We generate random PAM (Principal at Maturity) loan portfolios with varying:
- Notional: $50K – $500K
- Rate: 3% – 8%
- Term: 3 – 10 years
- Interest payment cycle: monthly, quarterly, or semi-annual
- Day count convention: A360, A365, 30E/360, or 30/360 US

In [None]:
VALUATION_DATE = ActusDateTime(2025, 6, 1)
DISCOUNT_RATE = 0.045


def generate_portfolio(
    n_loans: int, seed: int = 42
) -> list[tuple[ContractAttributes, ConstantRiskFactorObserver]]:
    """Generate a random portfolio of PAM contracts."""
    rng = random.Random(seed)
    dccs = [
        DayCountConvention.A360,
        DayCountConvention.A365,
        DayCountConvention.E30360,
        DayCountConvention.B30360,
    ]
    obs = ConstantRiskFactorObserver(0.0)
    contracts = []

    for i in range(n_loans):
        orig_year = rng.randint(2020, 2024)
        orig_month = rng.randint(1, 12)
        origination = ActusDateTime(orig_year, orig_month, 15)
        term_years = rng.randint(3, 10)
        maturity = ActusDateTime(orig_year + term_years, orig_month, 15)
        if maturity <= VALUATION_DATE:
            continue

        attrs = ContractAttributes(
            contract_id=f"LOAN-{i:06d}",
            contract_type=ContractType.PAM,
            contract_role=ContractRole.RPA,
            status_date=VALUATION_DATE,
            initial_exchange_date=origination,
            maturity_date=maturity,
            notional_principal=round(rng.uniform(50_000, 500_000), -3),
            nominal_interest_rate=round(rng.uniform(0.03, 0.08), 4),
            day_count_convention=rng.choice(dccs),
            interest_payment_cycle=rng.choice(["1M", "3M", "6M"]),
        )
        contracts.append((attrs, obs))

    return contracts


# Pre-generate portfolios of increasing size
SIZES = [100, 500, 1_000, 5_000, 10_000, 50_000]
portfolios = {}
for n in SIZES:
    portfolios[n] = generate_portfolio(n)
    print(f"  {n:>6,} requested → {len(portfolios[n]):>6,} active contracts")

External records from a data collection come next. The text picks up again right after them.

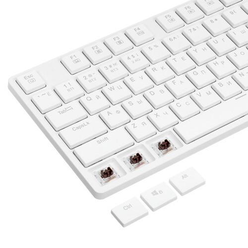 Клавиатура Redragon Anubis выполнена в элегантном белом корпусе с многоцветным освещением RGB, поэтому обеспечивает увлекательный и комфортный процесс игры. В данной модели установлены механические переключатели Outemu Tea, которые отличаются высокой чувствительностью, точностью обработки нажатий и сниженным уровнем шума. Низкопрофильная конструкция клавиш способствует быстрому отклику. К примечательным особенностям Redragon Anubis относится возможность проводной (кабель USB) и беспроводной (технология Bluetooth) синхронизации с ПК.
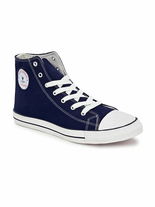 Hirolas® Men's Blue Canvas Vulcansied Skateboard Lace Up Ankle Length Sneaker Shoes (HRL2077BLU)
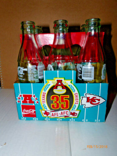 Collectable Coca Cola Texans/Chiefs AFL-AFC 35 years,six bottles,holder,football

## 3. Baseline: Python Sequential Simulation

The standard ACTUS path uses `contract.simulate()` which runs a Python `for` loop over events. This is the **baseline** we want to beat.

In [None]:
def python_sequential_pv(contracts, discount_rate):
    """Simulate each contract individually and compute PV."""
    total_pv = 0.0
    for attrs, obs in contracts:
        contract = create_contract(attrs, obs)
        result = contract.simulate()
        pv = sum(float(e.payoff) for e in result.events)
        total_pv += pv
    return total_pv


# Benchmark on small portfolio (Python path is slow on large ones)
python_sizes = [s for s in SIZES if s <= 1_000]
python_results = {}

print("Python Sequential Path")
print("=" * 55)
print(f"{'Contracts':>10}  {'Time (s)':>10}  {'Throughput':>15}  {'Total CF':>14}")
print("-" * 55)

for n in python_sizes:
    contracts = portfolios[n]
    t0 = time.perf_counter()
    total = python_sequential_pv(contracts, DISCOUNT_RATE)
    elapsed = time.perf_counter() - t0
    throughput = len(contracts) / elapsed
    python_results[n] = {"time": elapsed, "throughput": throughput, "total": total}
    print(f"{len(contracts):>10,}  {elapsed:>10.3f}  {throughput:>12,.0f}/sec  ${total:>12,.0f}")

print("=" * 55)

## 4. Array-Mode Batch Simulation

The array-mode path has two phases:

1. **Pre-computation** (`prepare_pam_batch`): Generates event schedules and year fractions as JAX arrays. When all contracts are batch-eligible, this uses a **JAX-native path** (GPU/TPU-ready).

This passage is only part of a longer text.